I was running late for the noon mass. I was going to the back of the Cathedral for something when I was confronted by a “bag lady” coming at me, with both arms waving to get my attention. I was used to it, so used to it, that I thought I “had seen it all” when it came to “street people.” As soon as I spotted her, I just assumed that she wanted money. I had been down that road so many, many times. Before I could get my well-rehearsed “come back later” or “go see our social worker” speech out, she asked excitedly, “Father, where is the poor box? I want to make a donation!” At that she opened her dirty hand and there she clutched her gift of a few nickels and pennies for the “poor box.” I had stereotyped and judged her by her appearance. Her generous “widow’s mite” judged me!
This modern-day version of the “widow and her mite” taught this priest several lessons. (1) You never know what is going on inside the people, merely through external observation, so always “take off your shoes” and approach them as you would “holy ground.” There is nothing as dangerous as a judgmental, “know it all” priest, be he a young priest or an old priest. (2) As Jesus taught the Pharisees, some of the people may have the appearance of saints, but inside are like whitewashed tombs, while some of those who appear to you to be terrible sinners may just turn out to be living saints. “Do not judge, lest you be judged.” (3) Generosity has very little to do with the size of the gift. Many big givers give once in a while from their surplus and blow a horn when they make their gifts, but the ones who really keep parishes going are the many consistent little gifts from people who have to sacrifice to give. When I used to go to parishes to ask for funding for the home missions, I soon found out that I came home with more money when I went to “poor” parishes than when I went to the so called “wealthy” parishes.

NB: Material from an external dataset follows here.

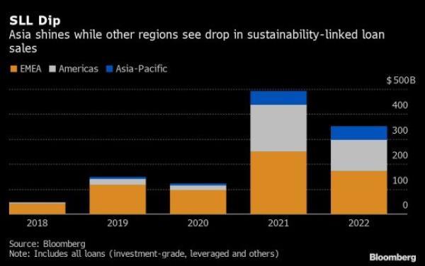 近年来,与可持续发展相关的贷款呈指数增长,今年在全球范围内是艰难的一年。全球销售额从2021年创纪录的5060亿美元降至3620亿美元。可持续惠誉(Sustainable Fitch) ESG研究亚太区主管Nneka Chike-Obi表示,由于利率上升、通货膨胀和美元走强,企业负债减少。

In our first reading, the widow of Zarephath, who risked being generous when she herself was close to starvation, is also one of my Biblical heroes. The widow-woman, down to her last handful of meal and a few drops of oil, had to choose between feeding herself and her son or offering hospitality to a traveling holy man. Ignoring her own needs, she chose to be generous. She took that handful of meal and those few drops of oil and made a small cake and gave it to a stranger. For her radical generosity, God rewarded her with bread that never ran out the whole next year.
The woman today has an important
lesson to teach us and that is: generosity is always rewarded, and often
extravagantly! As Anne Frank, the young Jewish girl from Holland who was forced
to live for two years in a secret attic by the Nazis, being caught and ending
up dying in a prison camp, wrote during World War II, “No one has ever become
poor by giving.” That's what she wrote, but that is what many women have taught me over my lifetime!